La comitiva de Mayordomo salió de allí, por fin, rumbo a sus guardias nocturnas, y el sumiller se apresuró en darle un consejo de amigo a Eugenio.
Ignóralo, Eugenio. No es un hombre razonable y los dos tenéis temperamento. Deberías tener cuidado.
Que lo tenga él conmigo, más bien. Ya le di su escarmiento, no hace mucho y en esta misma cocina. Y no voy a soportar sus gracietas toda la vida.
Si yo estoy contigo, como todos, le susurró. Pero no se trata de eso. Piensa que no hace tanto que mató a un colono, criado en la Casa: aquí mismo lo hizo, en una de esas borracheras suyas.
No hacía falta que entrase en detalles. Aquello fue una muy fea historia que conmovió a toda la Casa y el propio Víctor se había visto obligado, para dar una impresión de justicia, a intervenir en el asunto y amonestar en público a su capataz. Y también a indemnizar al padre de ese muchacho, Gratio, al que Mayordomo descalabró tras una fuerte discusión entre ambos. Un crimen brutal que a Eugenio más que a nadie removió las vísceras, pues era inevitable acordarse de lo que sus padres tuvieron que pasar con el anterior Patrón y en esa misma casa.
Ese malnacido tuvo suerte de que no estuviera aquí ese día, dijo Eugenio, pero que se ande con cuidado: cualquier día de éstos, si se anima, le daré un escarmiento definitivo. Las bestias deben poblar el campo y no las casas, donde habitamos los hombres.

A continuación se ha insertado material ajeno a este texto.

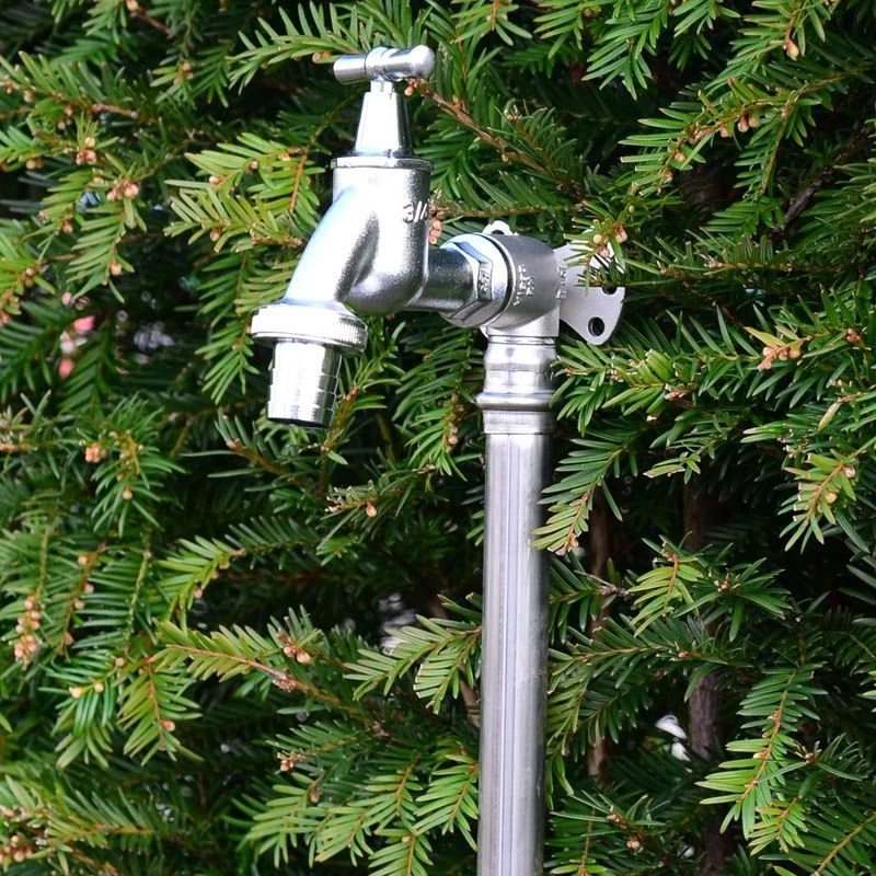 Zapfsäule aus Edelstahl, vormontiert mit Messing Auslaufventil, matt verchromt, Länge 100 cm mit 3/4″ IG

¡En fin, tú verás! Cada uno a lo suyo y en paz, que es lo que quiere el Señor. Que, por cierto, te espera en el salón para cenar con ellos.
Lo sé. Pero mi cerveza en esta barra no me la quita nadie. Pertenezco a las cocinas, amigo, no a los salones de los ricos.
¡De eso nada! Tu futuro en la Casa es brillante, muchacho: no lo estropees por una absurda rivalidad y mucho menos con el Mayordomo, que además tiene a tanta gente armada a sus órdenes.
¡Pues que no se interponga él en mi camino, joder, que la Casa es muy grande! ¿O no es cierto? ¡Cada uno por su lado y listo! ¿O es que piensa que por llevar espada al cinto ya es el dueño y Señor, y puede hacer lo que le dé la gana? Pero yo gasto de lanza y puñal y a mí no me chulea nadie.
Anda, loco, ve al salón, que te esperan ya los señores. ¡Y acuérdate de los pobres cuando estés en las alturas!
Siempre he sido más de vosotros. Ya lo sabéis.
¿Cómo podía ser de otro modo? En el fondo y en la forma, Eugenio pertenecía a la misma casta que esa gente humilde que pululaba a su alrededor, en la cocina y en los pasillos, afanados en el trajín de servir a los señores en el salón. Pero nunca tan ocupados que no aprovecharan tales viajes para hacerse bromas, danzar con las bandejas en la mano y disfrutar, también ellos y de alguna manera, de la divertida fiesta de sus patronos. Porque en esa colmena también las obreras se codeaban con la abeja reina, claro, y se alojaban entre los mismos ladrillos y tejas.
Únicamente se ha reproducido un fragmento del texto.